Lt. Jacqueline Coleman contemplates the Nettie Depp statue and education in Kentucky

FRANKFURT, Kentucky (WKYT) — In early November, the first statue honoring a Kentucky woman was installed in the state capitol.

It was a leader in education and fit for an administration that worked hard to put Kentucky schools first.

Recently, WKYT’s Amber Philpott caught up with Governor Jacqueline Coleman to talk about how important this statue is to her personally and what message it sends moving forward about the value of education in the Commonwealth.

If she ever needs a little inspiration and encouragement, teacher turned governor Jacqueline Coleman needs to look down the hall from her office in the state capitol.

“I see someone who has spent her life fighting for education and for equality and making sure that girls and women are treated fairly,” said Lieutenant Governor Jacqueline Coleman.

Nettie Depp was and still is a pioneer in many ways serving as an elected school principal in Barren County seven years before women could vote.

In 2022, her figure will become the first large-scale memorial honoring a Kentucky woman to be placed in the capital.

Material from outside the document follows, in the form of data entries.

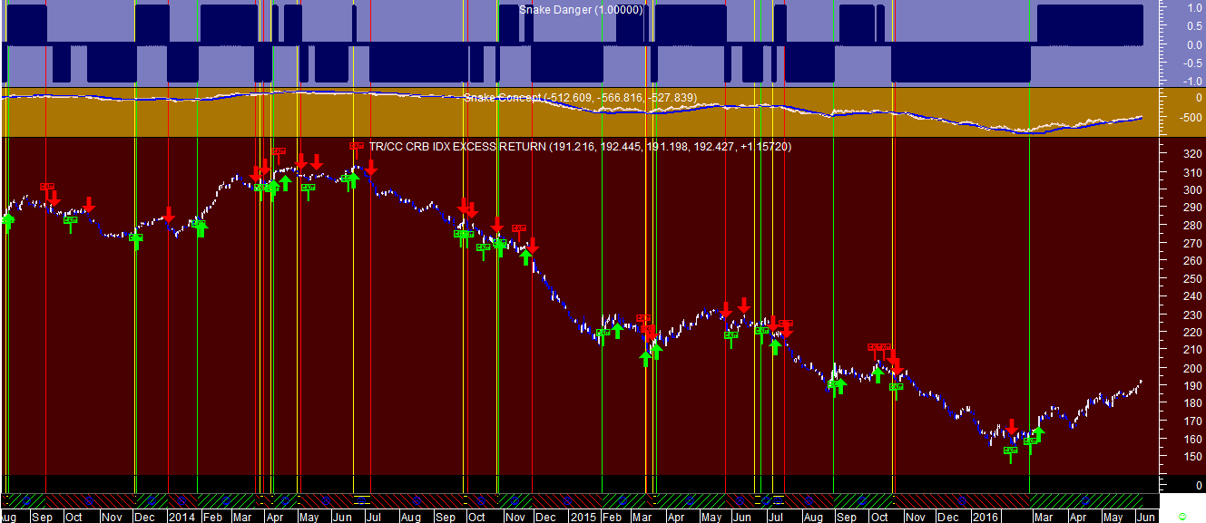 Fica um gráfico diário com os sinais do sistema no índice TRJCRB que representa a generalidade das grandes commodities a nível mundial.
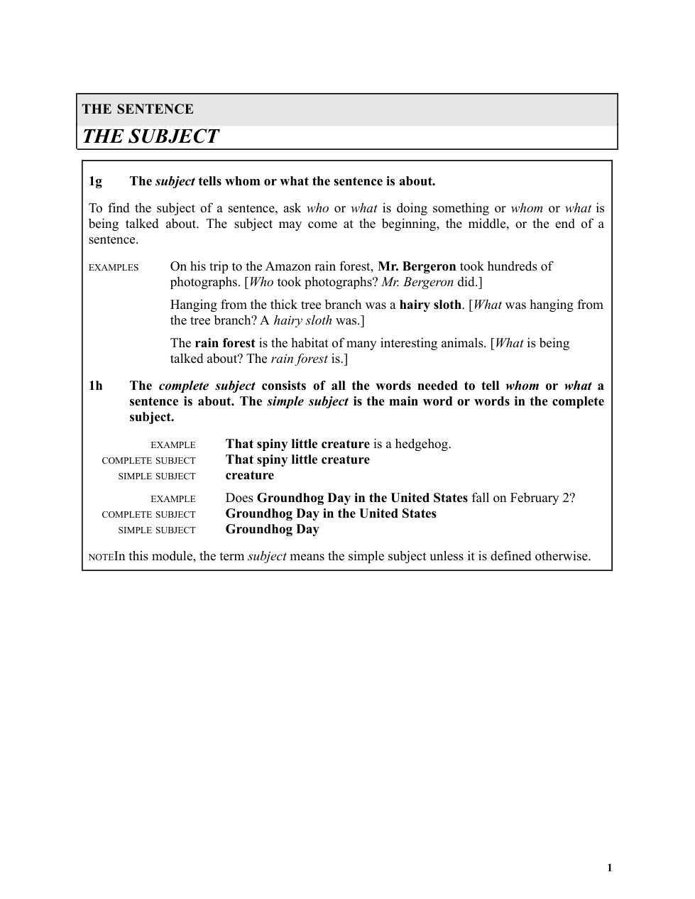 One use of a noun in a sentence is as a _______ , which tells whom or what the sentence is about.
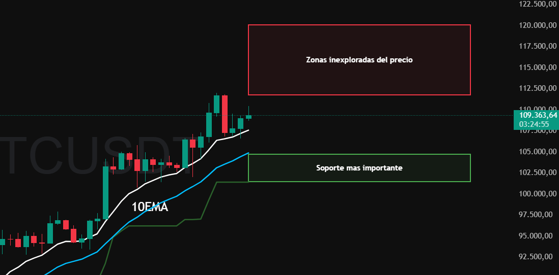 El impulso alcista se mantiene firme, evidenciado por el hecho de que el precio no ha cerrado por debajo de la media móvil exponencial (EMA) de 10 periodos. En este escenario de precios en zonas inexploradas, es un momento clave para considerar la toma de ganancias o mantener las posiciones largas.

Her statue now stands where only statues of men stand. Approximately seven feet high, a bronze statue of Depp is placed near the west entrance.

“The first female statue in the Kentucky State Capitol happened while I’m just down the hall and also for me to landmark the first statue means a lot to me,” said Lt. Colman Coleman.

Long before she was given the title of Lieutenant Guntour, Coleman grew up roaming the halls of the Capitol as a child while her father served in office.

said Lieutenant Governor Coleman.

And the governor’s little girl was there to see Nettie Depp’s unveiling, and she says the statue is a symbol of what she and Governor Andy Beshear fight for every day.

“Governor Bashir and I both have great respect for the work our teachers do, we elevate them every day, we are the premier education department,” said Lt. Colman Coleman.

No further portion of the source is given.